October 2, 2015 Leave a comment

Like most people, my first exposure to Carly Rae Jepsen was her inescapable smash hit “Call Me Maybe.” At the time, it was frequently derided as obnoxious, but I secretly kind of loved it. It was catchy and fun, but it also felt different from other music on the radio, in part because of Jepsen’s personality, which comes through in the song’s title.
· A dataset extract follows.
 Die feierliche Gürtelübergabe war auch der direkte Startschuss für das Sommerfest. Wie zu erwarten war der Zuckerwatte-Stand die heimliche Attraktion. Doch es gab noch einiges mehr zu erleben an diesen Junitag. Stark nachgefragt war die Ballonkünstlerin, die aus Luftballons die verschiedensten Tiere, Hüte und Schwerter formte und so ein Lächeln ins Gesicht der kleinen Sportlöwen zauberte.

“Call Me” obviously makes me think of the Blondie song, which had Debbie Harry’s confidence and cool. Pop music is often about those two traits, with artists exuding swagger and needing to appear like they’re on the cutting edge. “Call Me Maybe” added that one word — “maybe” — which gave it such a different feeling from all that other music. It was a song about not being confident: “Call me… maybe?” Uncertainty and shyness are rarely traits I hear in pop, and it endeared Jepsen a lot in my mind, because within the artifice of pop music she felt like a real person.
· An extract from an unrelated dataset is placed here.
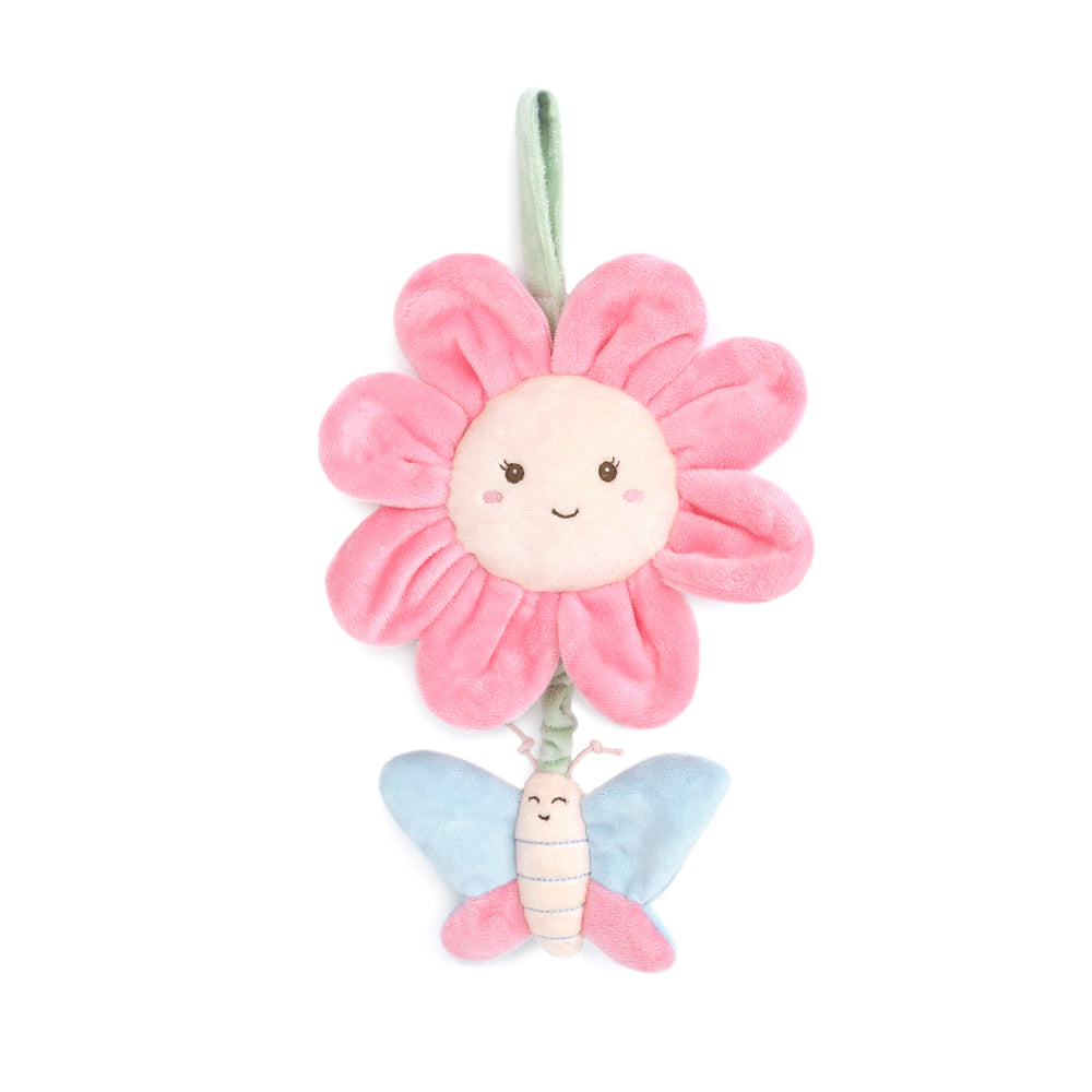 Every day will feel like a BLOOMING adventure with MON AMI's Petunia Music Mobile! With a gentle pull of the plush butterfly at the bottom, it plays Brahms lullaby to sooth little ones to dreamland. This whimsical nursery must-have is as charming as it is calming, perfect for helping babies drift off to sleep. Featuring a sturdy Velcro self-fabric loop for easy attachment to cribs, strollers, or car seats, it brings a touch of floral magic wherever you go! A delightful baby shower gift, this mobile is truly music to every baby's (and parent’s) ears!

Since “Call Me Maybe,” I’ve become more annoyed at how egotistical so much pop is. So many songs are only commentaries on the artists’ own celebrity, whether it’s addressing their “haters,” talking up their own skills, or lashing out at the media that covers them. I never quite know what I’m supposed to get out of that as a listener. Am I supposed to care that a very popular artist apparently has haters, or about how they’re living it up in NYC? Even the catchiest chorus can’t make up for not caring about the artist’s lyrics and personality.

Part of the appeal of Jepsen’s new album, Emotion, is how it avoids these self-involved pop tropes and instead focuses on the sort of lyrics that have been the bread-and-butter of pop music forever, about love, falling in love, loving love, and various other love-based things. This has been perceived by some as a flaw in Emotion — that its songs are too blank and don’t reveal enough about Jepsen herself — but in the current landscape I find it to be a strength, an antidote to the increasingly viral nature of pop. When so much pop is about branding and being a phenomenon, the focus Emotion puts on crafting actual songs gives it a humble, even admirable quality.
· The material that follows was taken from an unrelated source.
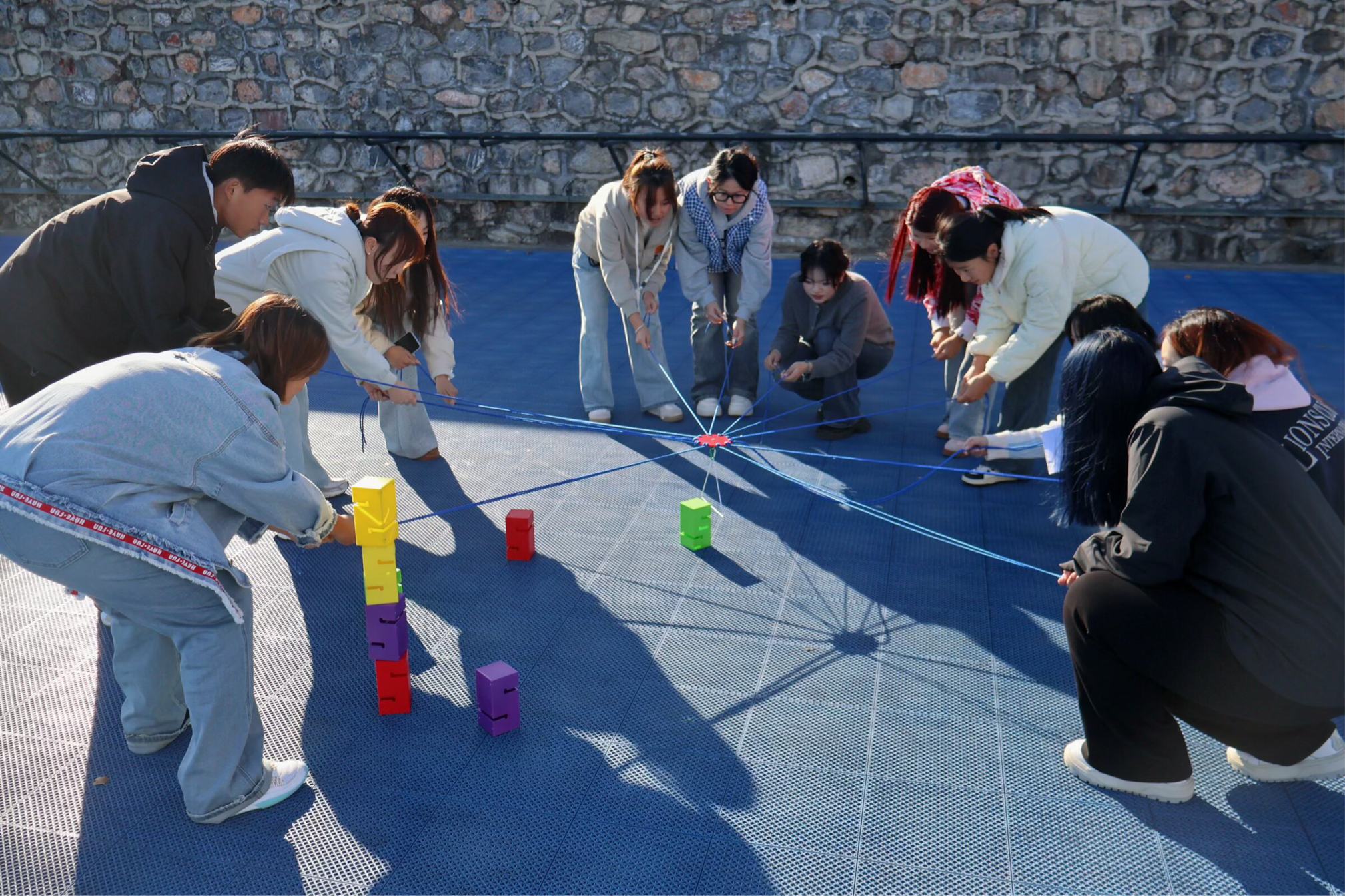 “万众一心”环节中,团干部和团员青年需要共同操控挂钩,将积木稳稳勾取并堆高,极大地考验了团队的耐心、专注与精密配合。

And it helps that the craft on Emotion is really, really, really good. Jepsen reportedly wrote a massive number of songs, working with an army of producers at several recording studios before picking out the best ones for the album. This lengthy recording process is the opposite of what was expected of her after “Call Me Maybe” blew up and she rushed out her previous album. When she was already being predicted as a one-hit wonder, the logic was that she should strike while the iron is hot, before people forgot who she was. Instead, she took her time to make sure the songs fit together and sounded the way she wanted, which is why Emotion feels like a single artistic vision despite the cavalcade of personnel attached to it.

Emotion won’t yield a “Call Me Maybe” level hit, but that isn’t the point. Jepsen’s goal was to make a pop album (yes, an album) that sounded timeless, that wasn’t the product of novelty. Given some of the gems on this album like “Run Away With Me,” it’s hard to argue that she didn’t succeed.